According to research by Dublin based research firm Adaptive Mobile, hackers were seen to have gained access to 0.08% of SS7 packets being sent across a network in Africa, across a range of operators. In Asia the rate was 0.04% and in the Americas it was 0.025%.
 
These are low percentages they relate to the millions of SS7 packets being sent every day.
“That can add up to tens of thousands a day which can mean someone being tracked or some fraud transactions. These are low-volume, high-impact events,” says Cathal McDaid, a senior researcher at Adaptive Mobile.
 
McDaid says that location tracking is the most popular reason for exploiting the SS7 protocol. His team recorded 1,140 separate SS7 requests to track 23 unique subscribers over a two-day period, with some subscribers tracked many hundreds of times. There are a handful of known players in the market for selling SS7 vulnerabilities.
 
The price of a startup called CleverSig, was recently selling access to their “remote SS7 control system” for $14,000 to $16,000 a month, was divulged when emails from the Italian information surveillance company Hacking Team were posted on the web.  
 
There are also reports of other network surveillance companies with names Circles- based in Bulgaria, according to Adaptive Mobile, and the Rayzone group, also operate within the grey area of selling access to their SS7 exploitation platforms to governments and other surveillance companies like Hacking Team.
 
According to McDaid, advertisements on the dark web quoted the going rate for looking up someone’s physical location through the SS7 network was about $150 about two years ago.
 
Experts are of the opinion that the price has not changed much since.

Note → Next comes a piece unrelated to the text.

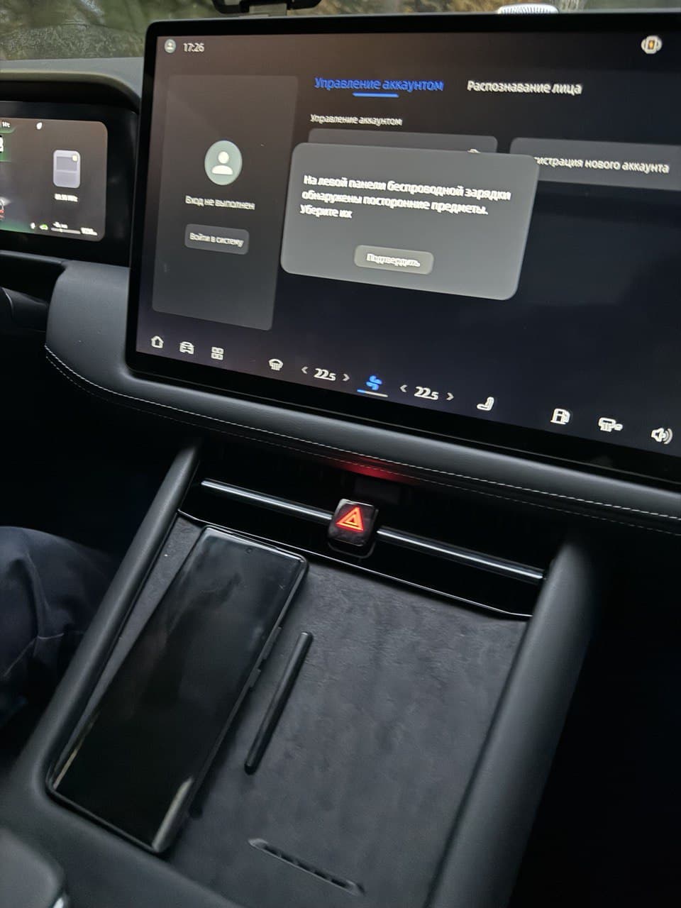 Кстати говоря, смартфон в чехле мультимедийная система распознаёт как инородный предмет и заряжать отказывается. Поэтому, либо чехол нужен соответствующий, либо следует заряжать смартфон через провод.
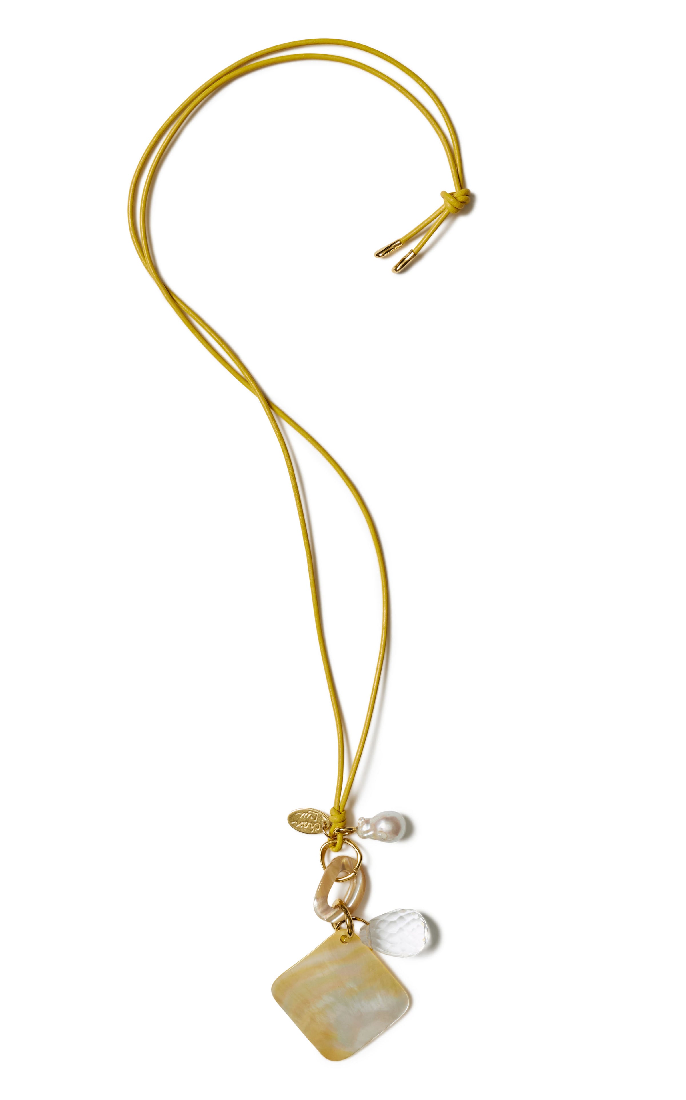 With mother of pearl, clear quartz and freshwater pearl, the Maxine Charm Necklace captures the allure of a faraway tropical island, transporting you to a place half mythic, half dreamed. Adjust the fit by tying the yellow leather cord at your desired length.

“A lot of those offers have gone underground.” That is partly due to relatively recent press on SS7.
 
A report in the Washington Post in late 2014 highlighted the security flaws that could let hackers, governments and criminals intercept calls through the global SS7 network.
 
The adaptive Mobile research proved that the report of the Washington Post was not merely theoretical but was actually being carried out by hackers. The research was done through 2015.
 
“The news is yes, we are seeing exploits in every operator in every part of the world,” says McDaid .
 
McDaid says that Africa and the Middle East seemed to have to highest rates of exploitation.